Recorded information: Begin

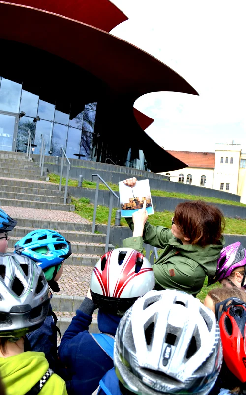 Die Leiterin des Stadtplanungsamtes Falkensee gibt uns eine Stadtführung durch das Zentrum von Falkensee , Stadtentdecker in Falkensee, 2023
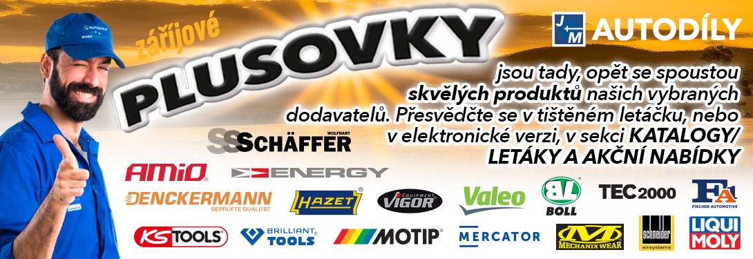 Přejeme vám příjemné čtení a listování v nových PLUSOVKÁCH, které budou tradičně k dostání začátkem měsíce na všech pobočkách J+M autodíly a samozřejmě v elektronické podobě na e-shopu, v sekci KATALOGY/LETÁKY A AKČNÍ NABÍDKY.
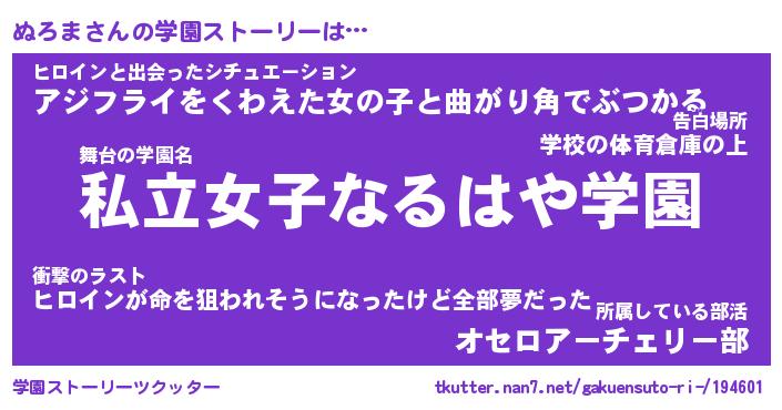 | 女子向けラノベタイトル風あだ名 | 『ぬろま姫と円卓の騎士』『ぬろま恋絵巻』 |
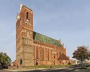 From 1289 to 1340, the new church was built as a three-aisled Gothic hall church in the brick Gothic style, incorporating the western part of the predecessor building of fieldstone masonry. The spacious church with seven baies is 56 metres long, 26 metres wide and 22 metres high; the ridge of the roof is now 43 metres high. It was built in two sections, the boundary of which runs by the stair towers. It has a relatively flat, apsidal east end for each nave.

Recorded information: End

• **What needs to be done**:
Make an exact copy of the listing, with no images in it.

• **Answer**:
 Die Leiterin des Stadtplanungsamtes Falkensee gibt uns eine Stadtführung durch das Zentrum von Falkensee , Stadtentdecker in Falkensee, 2023
 Přejeme vám příjemné čtení a listování v nových PLUSOVKÁCH, které budou tradičně k dostání začátkem měsíce na všech pobočkách J+M autodíly a samozřejmě v elektronické podobě na e-shopu, v sekci KATALOGY/LETÁKY A AKČNÍ NABÍDKY.
 | 女子向けラノベタイトル風あだ名 | 『ぬろま姫と円卓の騎士』『ぬろま恋絵巻』 |
 From 1289 to 1340, the new church was built as a three-aisled Gothic hall church in the brick Gothic style, incorporating the western part of the predecessor building of fieldstone masonry. The spacious church with seven baies is 56 metres long, 26 metres wide and 22 metres high; the ridge of the roof is now 43 metres high. It was built in two sections, the boundary of which runs by the stair towers. It has a relatively flat, apsidal east end for each nave.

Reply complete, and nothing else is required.